Materials and methods

Study population

Study samples were drawn from three National Health and Nutrition Examination Surveys (NHANES III, NHANES 1999–2000, and NHANES 2001–2002). Participant ascertainment and data collection for NHANES have been previously described (Centers for Disease Control and Prevention 1996; Centers for Disease Control and Prevention 2010). Fasting adults (age ≥18 years) were included in this analysis, regardless of self-reported lipid lowering medication use, as less than 4 % of participants fell into this category and previous sensitivity analyses showed that excluding participants based on medication use did not appreciably alter the results of single-SNP tests of association (Dumitrescu et al. 2011). Race/ethnicity was self-described. Body mass index (BMI) was calculated from height and weight measured in the Mobile Examination Center by CDC medical personnel. Current smoking was defined by “do you smoke cigarettes now?” or cotinine levels >15 ng/ml.

All procedures were approved by the CDC Ethics Review Board and written informed consent was obtained from all participants. Because no identifying information was accessed by the investigators, this study was considered exempt from human subjects by Vanderbilt University’s Institutional Review Board.

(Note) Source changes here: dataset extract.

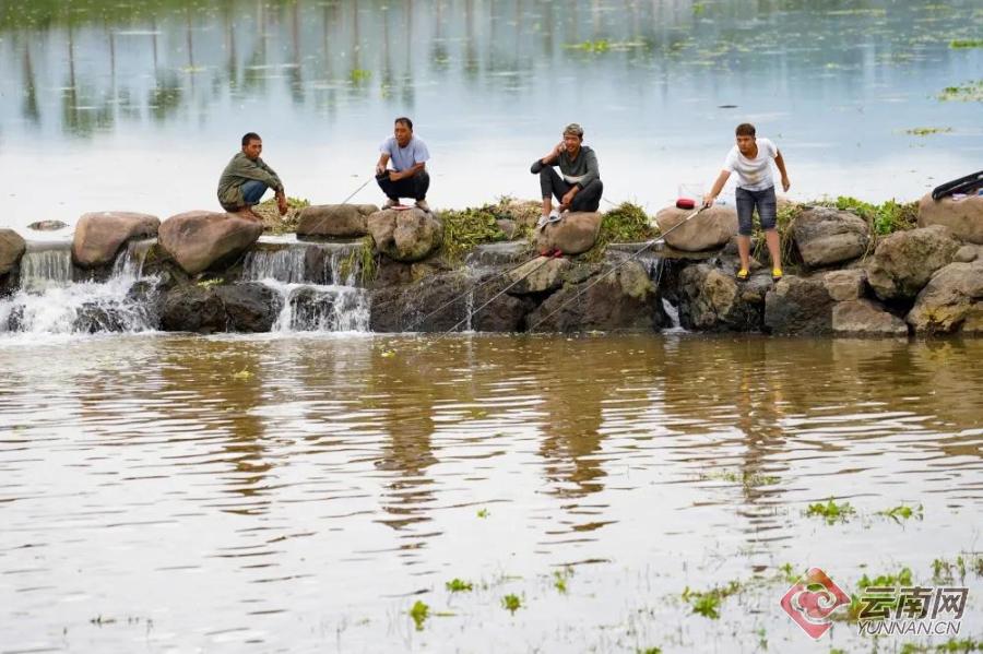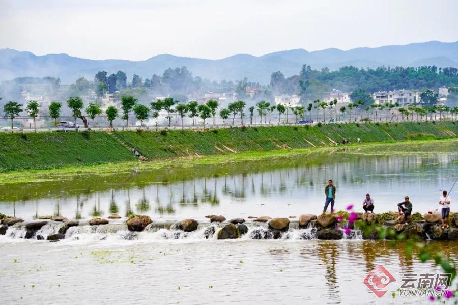 微风吹过,数朵牵牛花轻摆着枝头,顺着河堤向阳生长;静静听,江河从数块大石缝隙穿过,从拦砂坝倾斜而下的哗哗声;慢慢看,白鹭鸶扇动着翅膀落在曲江内裸露的沙洲上,与一旁垂钓的老人共成一幅画卷……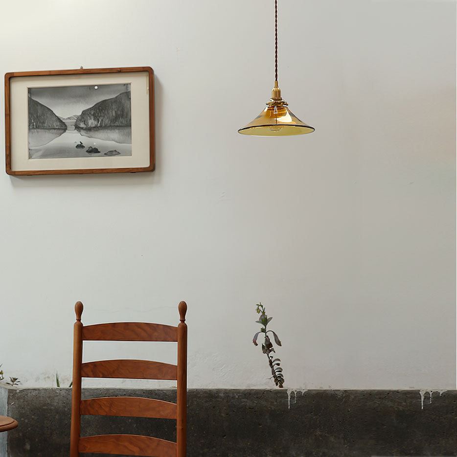 Tämä Amber Glass -riippuvalaisin on tyylikäs ja moderni. Siinä on yksinkertainen lasinen lampunvarjostin, joka on täydellinen lisäämään valoa olohuoneeseen, ruokailuhuoneeseen tai makuuhuoneeseen. Tämä riippuvalaisin on valmistettu messingistä ja lasi on lämpimän ruskea.

Laboratory and dietary measurements

Serum HDL-C, triglycerides, and total cholesterol were measured using standard enzymatic methods. LDL-C was calculated using the Friedewald equation, with missing values assigned for samples with triglyceride levels greater than 400 mg/dl. Serum levels of vitamin E (α-tocopherol) and vitamin A (retinol) were measured with isocratic high-performance liquid chromatography (Center for Disease Control and Prevention 1996; Centers for Disease Control and Prevention (CDC) 2002).

Data for dietary intake were collected via a 24-h dietary recall administered by a trained dietary interviewer. Total nutrient intake was calculated using the US Department of Agriculture’s survey nutrient database. Total energy intake from fat, protein, carbohydrates, and alcohol was calculated by multiplying the grams of intake by the appropriate conversation factor: 9, 4, 4, and 7 kcal/g, respectively.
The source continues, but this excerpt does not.